“Whatever you may collect during your camping or Labor Day trips this fall, make sure it isn’t an invasive insect that can flourish in Fairfax County and kill trees,” said Joan Allen, Chief, Forest Pest Branch, Urban Forest Management Division (UFMD).
One example of a very destructive tree pest is the spotted lanternfly. It’s an exotic insect from East Asia that arrived in the U.S. in 2014 and now has established populations in Delaware, Maryland, Pennsylvania and parts of Virginia - but not in Fairfax County, yet.
Five East Coast states have quarantines for the spotted lanternfly: Pennsylvania; Delaware; Virginia; New Jersey; and New York. Quarantines are necessary to prevent the spread of this tree-killing insect.

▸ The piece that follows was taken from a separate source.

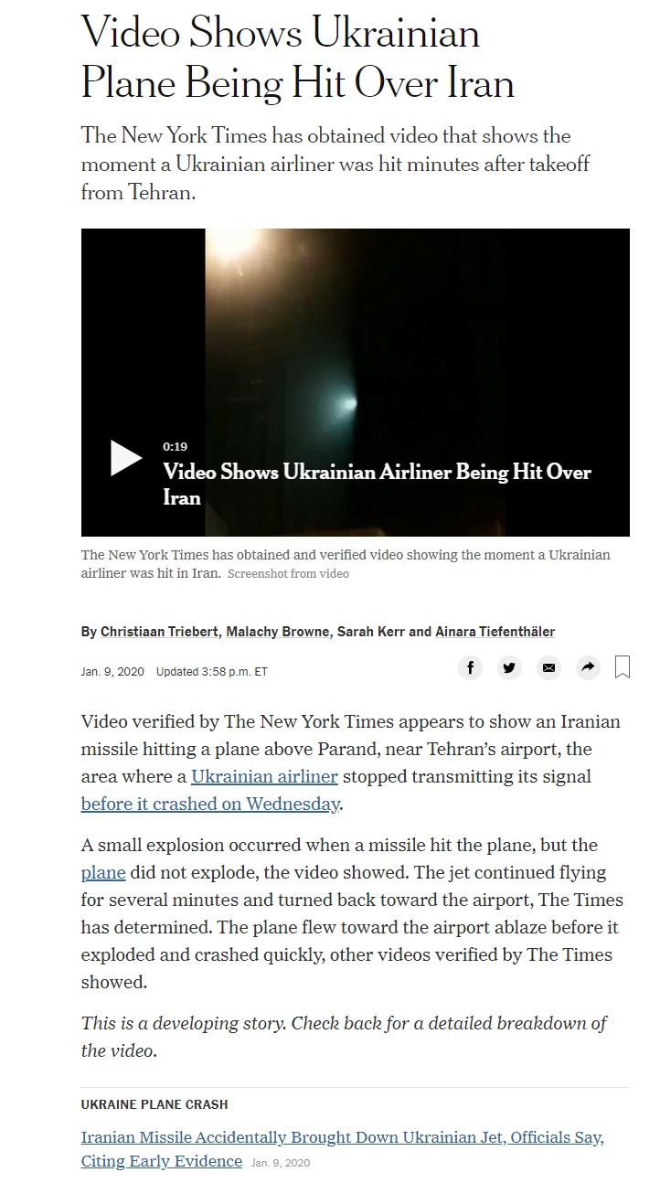 Как сообщала "Страна", ранее группа Bellingcat подтвердила, что видео ракетного удара, о котором пишет газета, снято в городе Паранде, где упал самолет МАУ.

Human activity is usually responsible for the spread of this pest. The lanternfly gets around by hopping or gliding short distances and by hitchhiking rides on outdoor items like furniture, tools, vehicles, grills, mobile homes, wood and plant products, construction materials and equipment, quarry material, wood crates or boxes and tarps and tents, among other items, that we humans move from one area to another, thus spreading spotted lanternflies and their eggs. Quarantines are especially important for businesses as they conduct a good amount of interstate transportation.

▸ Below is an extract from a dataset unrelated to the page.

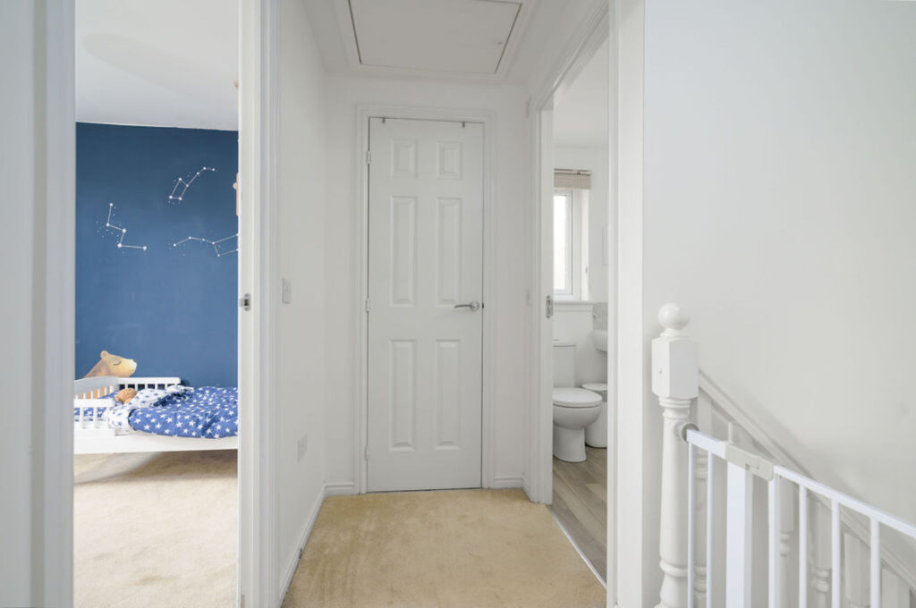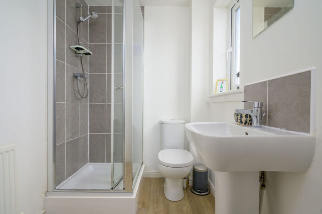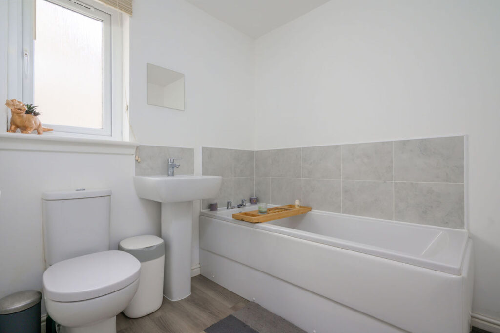 On the upper floor are three well proportioned bedrooms with the master bedroom benefitting from fitted wardrobes and it’s own ensuite facilities. The family bathroom has a contemporary white suite and splash back tiling.

County residents can be helpful in preventing the spread of this insect by not bringing bugs of any type home as souvenirs of fall trips, intentionally or unintentionally. Here are ways to prevent the spotted lanternfly from coming to Fairfax County:
- Don’t move firewood from one area to another
- Carefully check vehicles and belongings after visiting quarantined areas
- Adhere to quarantine regulations including citizen checklists (below)
- Look for egg masses on vehicles, outdoor furniture, pallets, tree bark, firewood, landscaping stone and rusty metal surfaces
- Report sightings of spotted lanternfly in Fairfax County to firstname.lastname@example.org or 703-324-1770, TTY 711
The Virginia Department of Agriculture recommends these actions in What Citizens Can Do.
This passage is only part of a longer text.